Reynolds chose not to use it and told Rangers manager Ron Washington the fan had not “impeded” Cruz. Replays, though, show otherwise, and this blown call was far worse than Garcia’s, even if the implications weren’t the same, because the crew arrogantly refused to use replay.
Then, two batters later, Lance Berkman hit a fly ball down the right-field line that Reynolds called another home run.

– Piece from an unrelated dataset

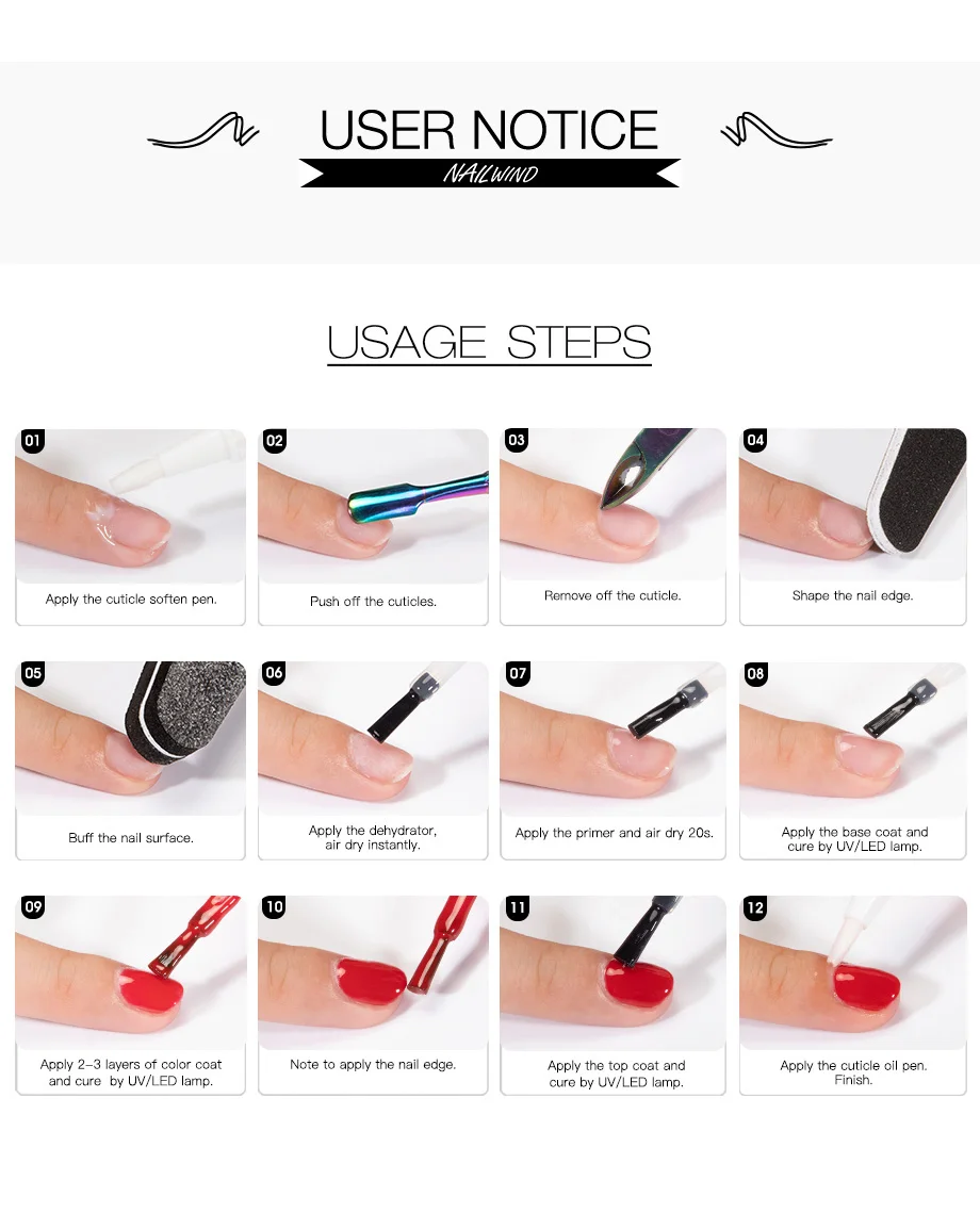 Характеристики Товара:Бренд: NAILWINDНазвание: Гель-лакОбъем: 8 млЦвет: 100 цветов sСертификация: MSDS, SGS,CEИзлеченная: УФ/Светодиодная лампаПеро:1. Различные цвета2. Длительный срок службы3. Легко наносится4. Натуральная смолаШаг за шагом:1. Нанесите мягкую ручку для кутикулы.2. Отодвиньте кутикулы.3. Снимите кутикулы.4. Форма края ногтя.5. Забивает поверхность ногтя.6. Нанесите Дегидратор, мгновенно высушите на воздухе.7. Нанесите грунтовку и сушите на воздухе 20s.8. Нанесите базовый слой и закрепите УФ/светодиодной лампой.9. Нанесите 2-3 слоя цветного покрытия и закрепите УФ/светодиодной лампой.10. Обратите внимание на нанесение края ногтя.11. Нанесите верхнее покрытие и закрепите УФ/светодиодной лампой.12. Нанесите масляную ручку для кутикулы. Закончите.Внимание:1. Объем составляет 8 мл. Поскольку емкость бутылки составляет более 8 мл, гель для ногтей не будет полностью заполнен бутылкой!2. Плотно закрываются. Держите подальше от солнечного света. Хранить в недоступном для детей месте.3. Новая и старая упаковка будет отправлена случайным образом.

This time, after Washington argued the call, the umpires looked at replays, which showed the ball went foul, and reversed it.
It was a bizarre and embarrassing sequence of events for baseball commissioner Bud Selig and added to the evidence of the need for replay in baseball (and then, of course, getting the umpires to use it).
After the Maier incident, Johnson said that perhaps MLB needs to use nine umpires in the postseason (it goes from four in the regular season to six in postseason), one for each player.
“I was 330 feet away, and I can see my fielder, and the kid is leaning over to catch the ball,” Johnson said with a vivid memory of the game 14 years later, “I see it right there. I said to Garcia, ‘You’re right under that and you can’t see it? I can see it from 330 feet away. How can you miss it?’?”
Garcia did miss it, and maybe Jim Reynolds did as well. Fourteen years from now, though, it will be an afterthought for Washington. It is still very much a part of Davey Johnson’s life.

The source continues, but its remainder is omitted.